Friday, February 1st, 2008...7:31 pm
A fossil ginkgo at the University of Colorado Museum of Natural History
I wrote this month’s University of Colorado Museum of Natural History Object of the Month, Fossil Ginkgo from Siberia. Every month the Museum website highlights a specimen or artifact from its collection of over 4 million items.
I really enjoyed writing this up–the Kudia River fossils are beautiful and strikingly different from the cold-tolerant plants of today’s eastern Siberia. Unfortunately, I haven’t been able to find much about Kudia River in the scientific literature. I also think ginkgoes in particular are really interesting–today one species survives as the sole representative of an entire order which was once both more diverse and more widespread. Was it primarily climate change that led to the decline of the ginkgoes or did other factors come into play?

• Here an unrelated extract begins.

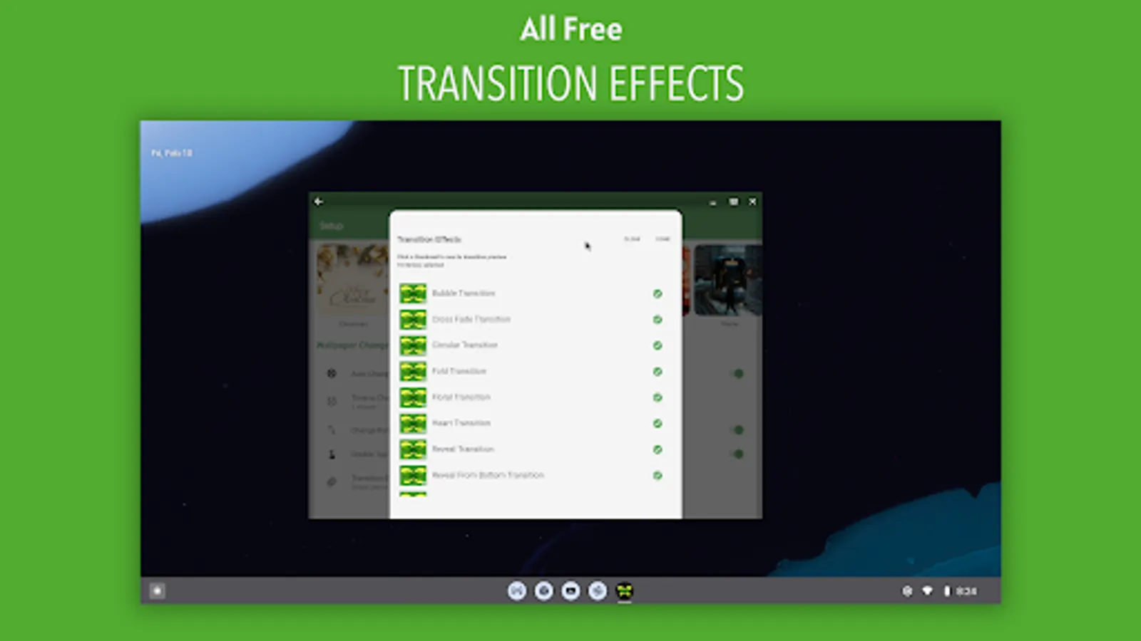 HD Wallpaper changer with various beautiful Transition Effects. Easy to use, just set your image folders and forget it.

It’s a bonus that the Kudia River fossils were collected by one of my scientific heroes, T.D.A. Cockerell.
Looking at fossils from all over the world is way of traveling for me–both through space and time. One of my most profound experiences while traveling recently was seeing petrified redwood stumps in Iceland. While I knew that redwoods once grew all over the world, imagining the redwood forests of California while surrounded by the mossy volcanic highlands of modern Iceland really brought home to me how much the world has changed.